Data segment
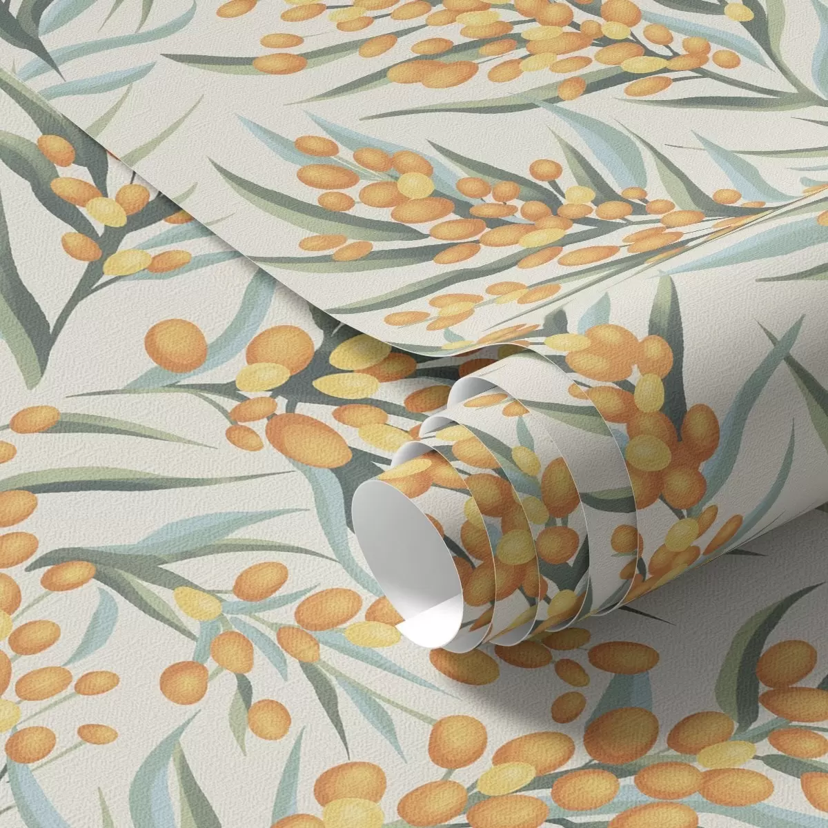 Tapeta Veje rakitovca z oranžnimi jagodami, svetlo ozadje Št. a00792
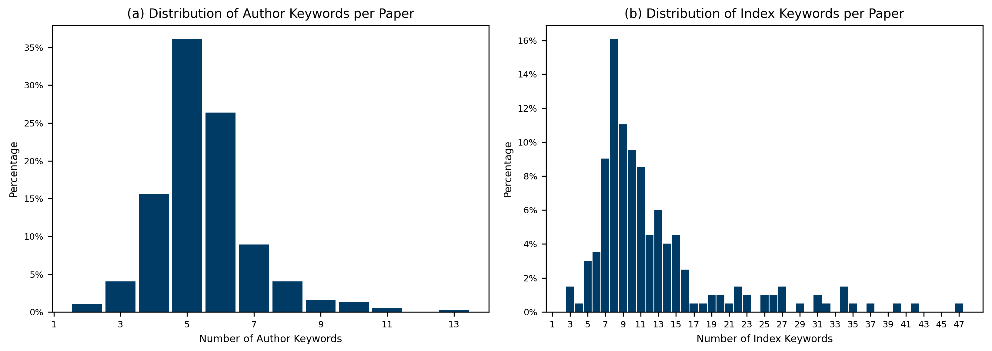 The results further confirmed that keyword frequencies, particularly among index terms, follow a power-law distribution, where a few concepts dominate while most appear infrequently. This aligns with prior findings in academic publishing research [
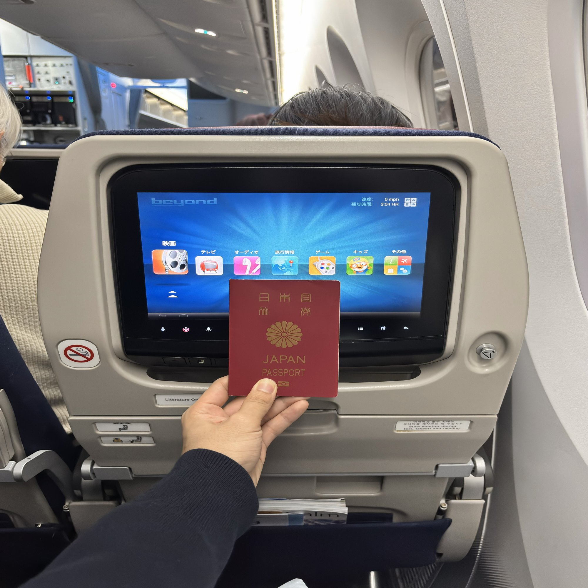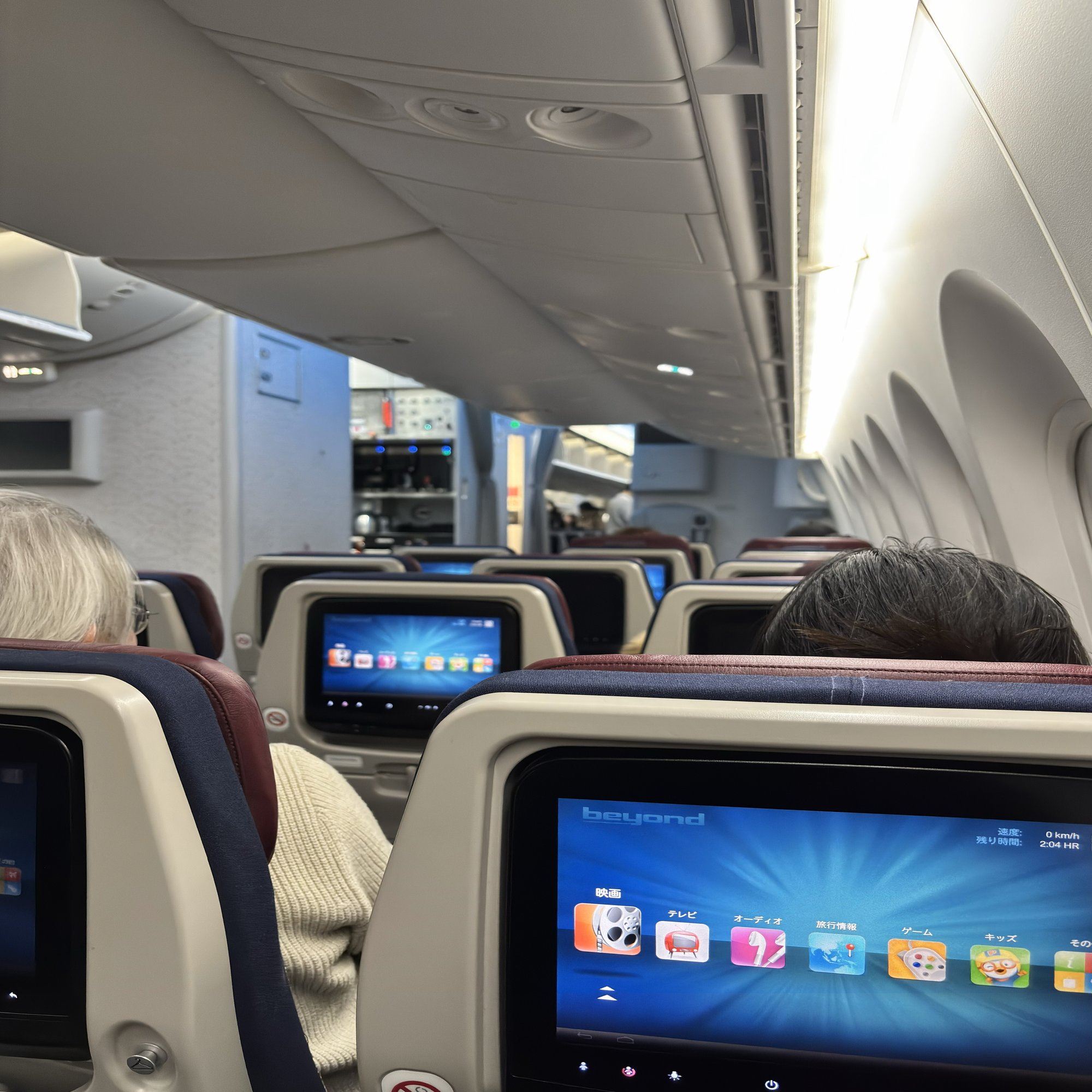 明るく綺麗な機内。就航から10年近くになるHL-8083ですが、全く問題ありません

What is expected
Without the pictures, write out the listing exactly as it appears above.

Reply
 Tapeta Veje rakitovca z oranžnimi jagodami, svetlo ozadje Št. a00792
 The results further confirmed that keyword frequencies, particularly among index terms, follow a power-law distribution, where a few concepts dominate while most appear infrequently. This aligns with prior findings in academic publishing research [
 明るく綺麗な機内。就航から10年近くになるHL-8083ですが、全く問題ありません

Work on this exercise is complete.